The CBN's early functions were mainly to act as the government's agency for the control and supervision of the banking sector, to monitor the balance of payments according to the demands of the federal government and to tailor monetary policy along the demands of the federal budget. A key instrument of the bank was to initiate credit limit legislation for bank lending. The initiative was geared to make credit available to neglected national areas such as agriculture and manufacturing. By the end of 1979, most of the banks did not adhere to their credit limits and favoured a loose interpretation of CBN's guidelines.

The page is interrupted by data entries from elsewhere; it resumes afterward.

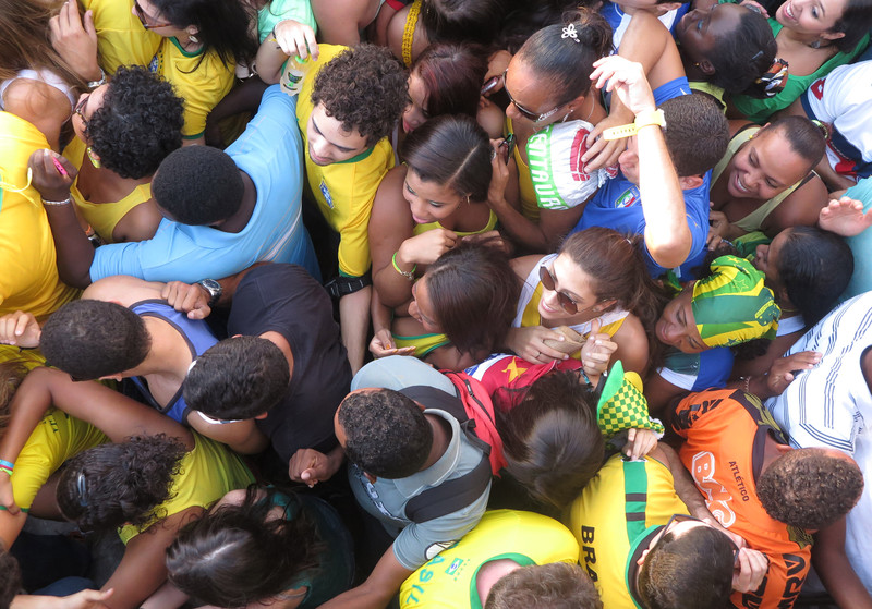 epa04263879 Fans scramble to reach the FIFA Fan Fest in Salvador, Brazil, 17 June 2014, before the start of the FIFA World Cup group A match between Brazil vs Mexico. EPA/ALI HAIDER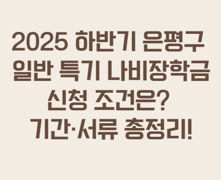 2025 하반기 은평구 일반 특기 나비장학금 신청 조건, 대상, 제출서류, 소득 및 성적 기준 등 상세한 정보를 한눈에 확인해보세요! 장학금 유형별 차이와 신청 기간까지 꼼꼼하게 안내합니다.
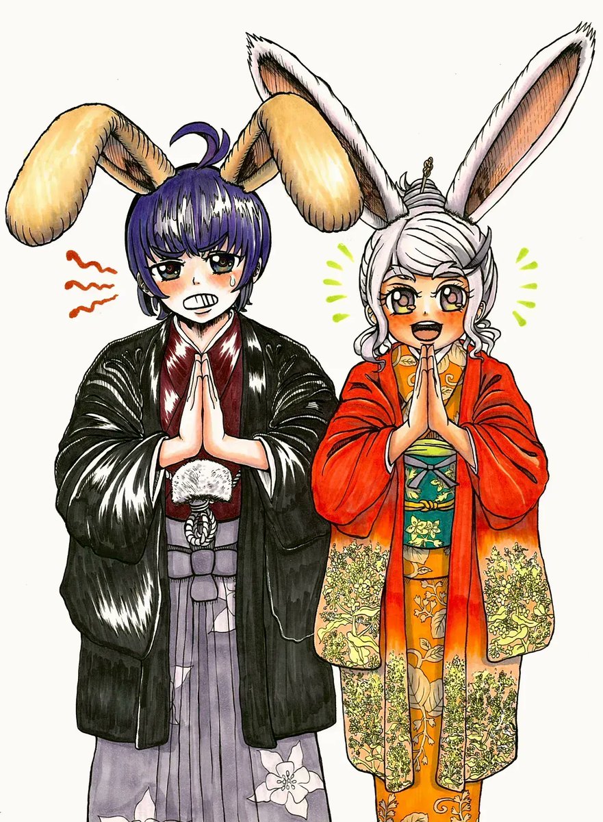 「卯年ハヤト&フタバ」 instagram↓ buff.ly/3OkzAZF pixiv↓ buff.ly/3GeKFG8 #2023年 #ハッピーニューイヤー2023 #HappyNewYear2023 #卯年 #オリジナル #オリキャラ #年賀状 #イラスト #かわいい #少年 #少女 #うさぎ #ウサ耳 #着物好きさんと繋がりたい #イラスト #アナログ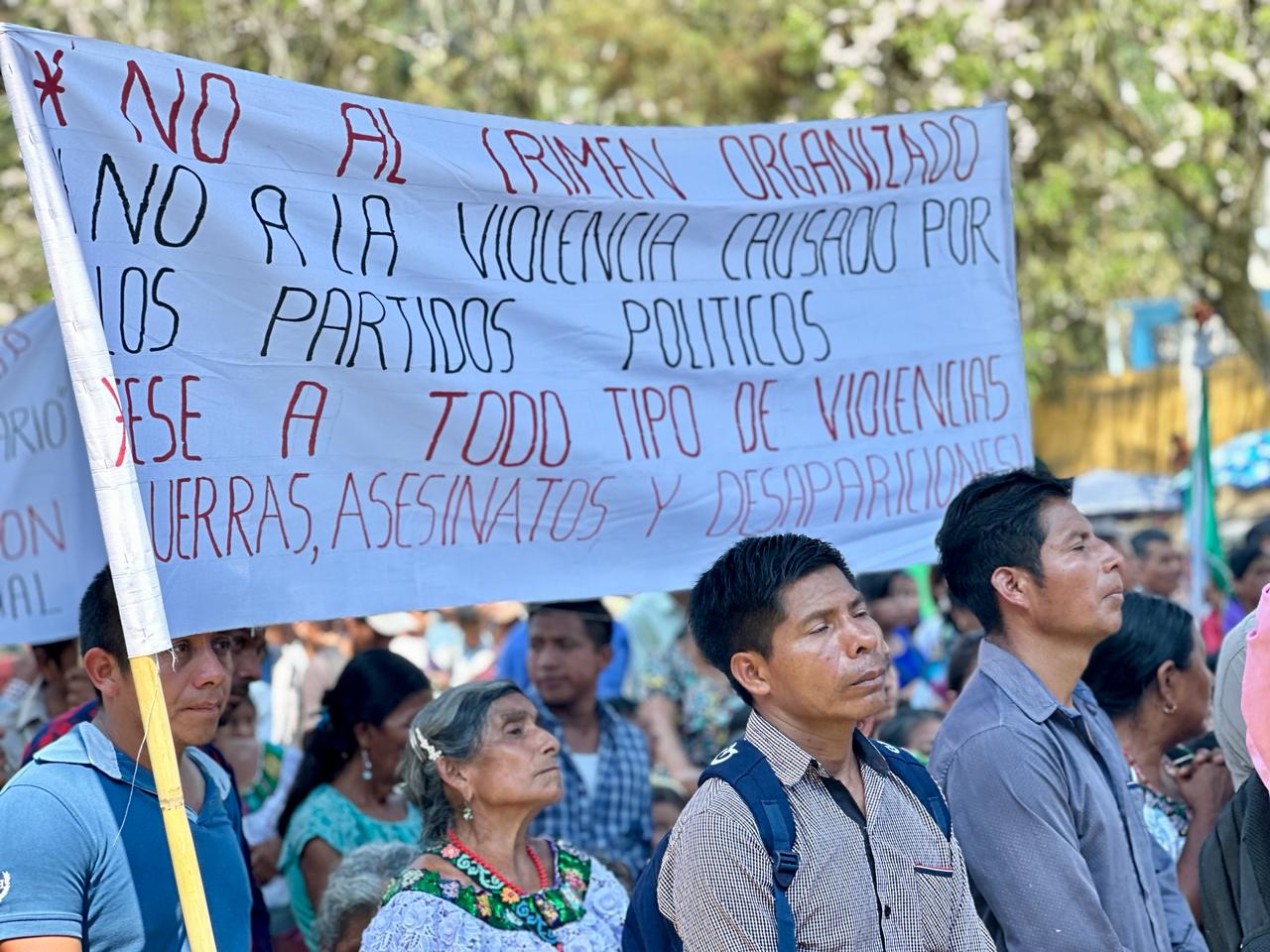 “No al crimen organizado. No a la violencia causada por los partidos políticos. Cese a todo tipo de violencia, guerras, asesinatos y desapariciones”, estaba escrito en una de las pancartas que llevaban alzada pobladores del Gobierno Comunitario del municipio de Chilón.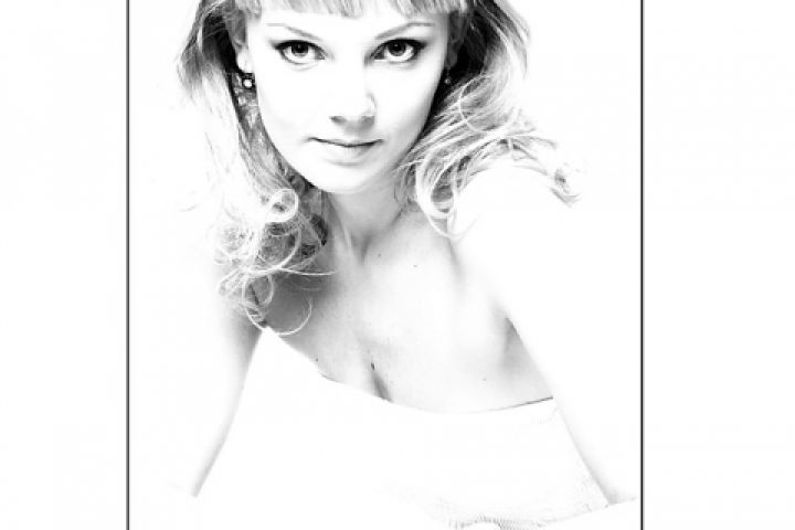 Портрет женщины выполненный в высоком ключе. изображение было распечатано размером 120 см по длинной стороне и было центром экспозиционной композиции на рекламной выставке.

The central bank did not effectively curtail the prevalence of short term loan maturities. Most loans given out by commercial banks were usually set within a year. The major policy to balance this distortion in the credit market was to create a new Bank of Commerce and industry, a universal bank. However, the new bank did not fulfill its mission. Another policy of the bank in concert with the intentions of the government was direct involvement in the affairs of the three major expatriate commercial banks in order to forestall any bias against indigenous borrowers and consumers. By 1976, the federal government had acquired 40% of equity in the three largest commercial banks. The bank's slow reaction to curtail inflation by financing huge deficits of the federal government has been one of the sore points in the history of the central bank. Coupled with its failure to control the burgeoning trade arrears in 1983, the country was left with huge trade debts totaling $6 billion.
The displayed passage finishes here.